Dans cet argument, l'accusation s'appuie sur le témoignage d'Aaron Calderon, qui a ouvert la lettre de crédit sur le compte bancaire de Lantex Trade (1992) Ltd., dont il était propriétaire.  Selon lui, le défendeur 1 lui a assuré qu'il ne serait pas exposé au remboursement de la lettre de crédit, en raison de l'existence de diverses réserves qui ne seraient pas levées.  L'accusation apprend cette intention du prévenu 1 du simple fait qu'il a refusé de lever les réservations, même après que le fournisseur ait proposé une remise allant jusqu'à 40 % du prix convenu.  De plus, l'accusation a pris connaissance du comportement antérieur de l'accusé 1, dans le cadre de la méthode et d'actes similaires, grâce au témoignage d'Alon Granot et d'Elhanan Tenenbaum.
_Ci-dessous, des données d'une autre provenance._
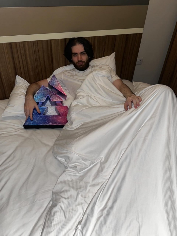 赛后Jame晒出与BLAST奖杯的床照,此前donk、Niko、s1mple、dycha、siuhy等选手也发布过类似的照片。
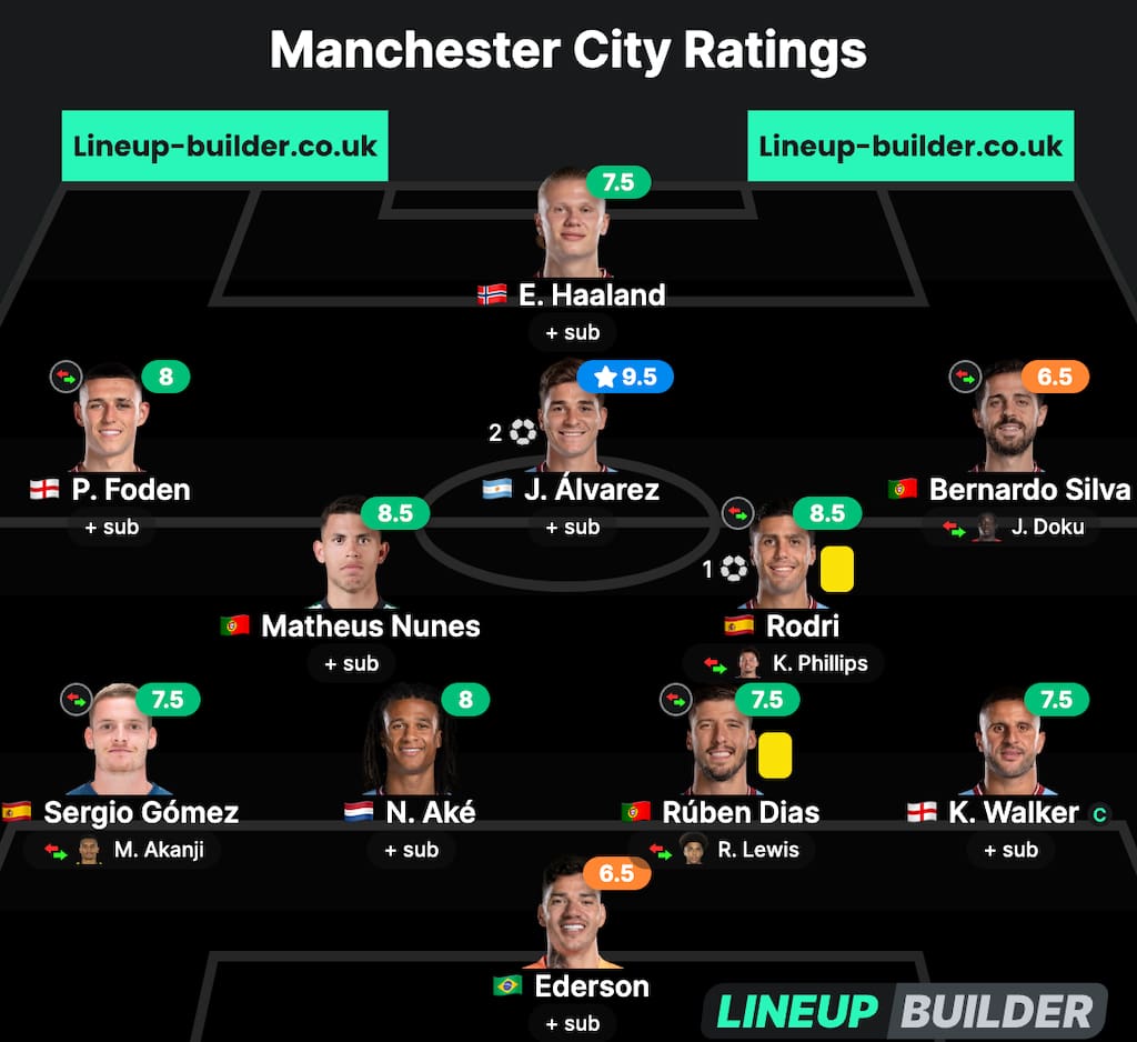 Despite Phil Foden and Julián Álvarez linking up well as play continued throughout the first half, star striker Erling Haaland was rather quiet and seemingly going through the motions, with the balance of positive play stemming from the England and Argentine international midfielders which aided in Rodri’s ability to galavant forward into more advanced positions.

Il a également été soutenu que le défendeur 1 n'a pas agi conformément à la norme acceptée, en déterminant que le connaissement ne serait pas préparé pour l'ordre de la banque ouvrante, mais pour l'ordre de l'importateur – qui, selon l'accusation, est une société de paille.  De cette manière, il était possible d'obtenir des documents originaux auprès du fournisseur, ce qui élimine la nécessité de respecter l'obligation financière qui figure dans la lettre de crédit.  Ce comportement du prévenu 1 indique son intention, selon l'accusation, que la lettre de crédit ne soit pas honorée et qu'il recevra frauduleusement les marchandises sans les payer.